Measurement and multi-response optimization of turning parameters for magnesium alloy using hybrid combination of Taguchi-GRA-PCA technique

Abstract

• The machining condition of Magnesium alloy requires attention due to chip ignition risk. • Turning of magnesium alloy is carried out under dry with PVD coated cutting inserts. • Optimal cutting parameters are obtained using Hybrid Combination of Taguchi-GRA-PCA Technique. • Feed rate is the most dominant factor for this multi-objective characteristics process. • Short chips were observed under low cutting speed, higher feed and depth of cut conditions.

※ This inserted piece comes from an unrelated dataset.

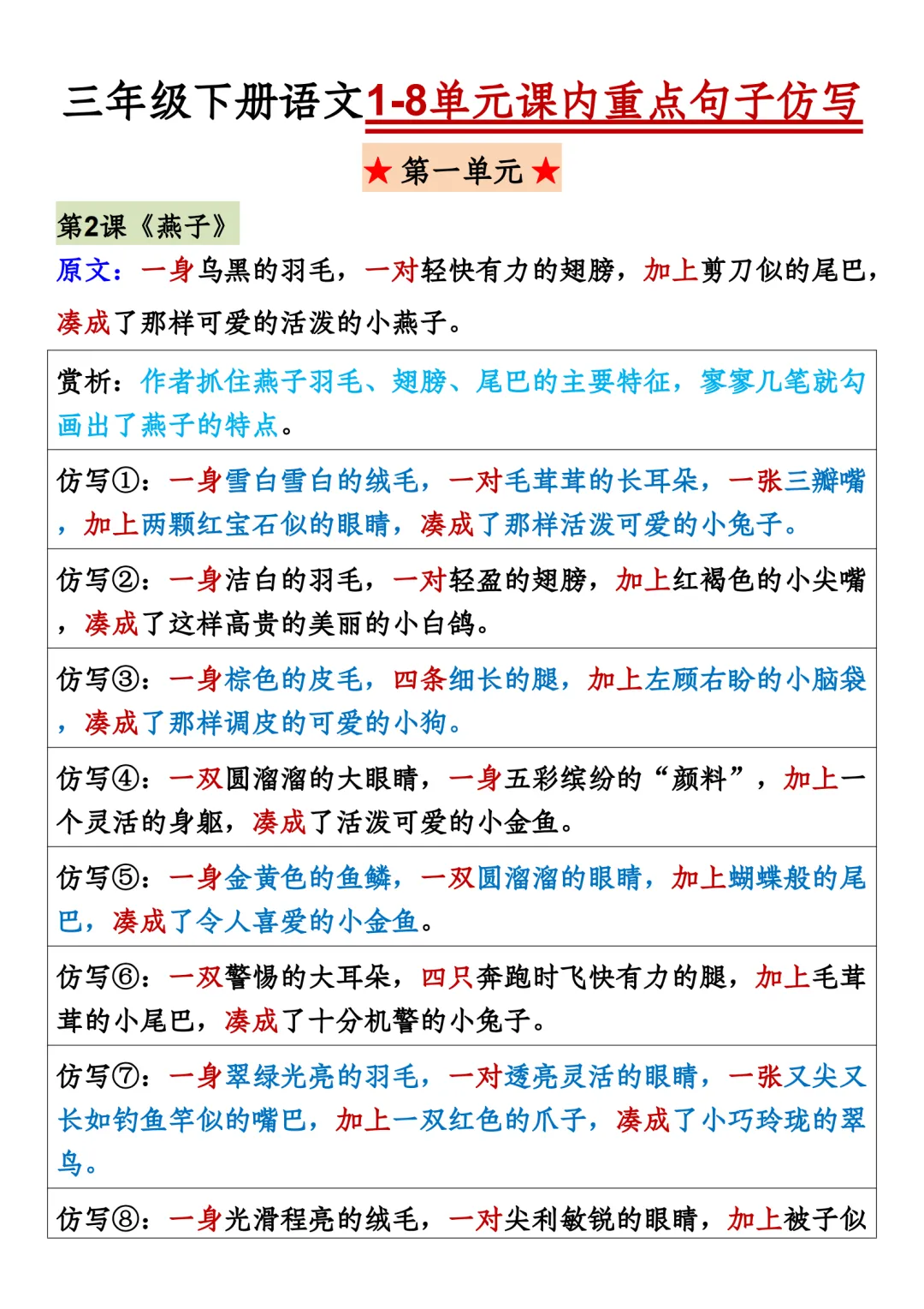 《三下语文必考仿写句子读背版》

The requirement for magnesium alloys has been rising constantly over the years because of the thrust towards weight reduction in various fields that demand fuel-efficient automobile, low-priced electronics, hand-held compact devices and biodegradable medical implants. Hence machinability studies of magnesium alloys contribute significantly to use them in appropriate applications. The present work is aimed to investigate the cutting force (Fz), material removal rate (MRR), tool flank wear (V B ) and surface roughness (Ra) in turning of magnesium alloy with physical vapour deposition (PVD) coated carbide insert in dry conditions. The tests were carried out on the basis of the orthogonal array of Taguchi’s L 27 . To identify the optimal parameters setting, a combination of principal component analysis (PCA) and grey relational analysis (GRA) has been conducted. From the analysis of variance, it was revealed that depth of cut is the significant contributing parameter on this multiple performance characteristics process.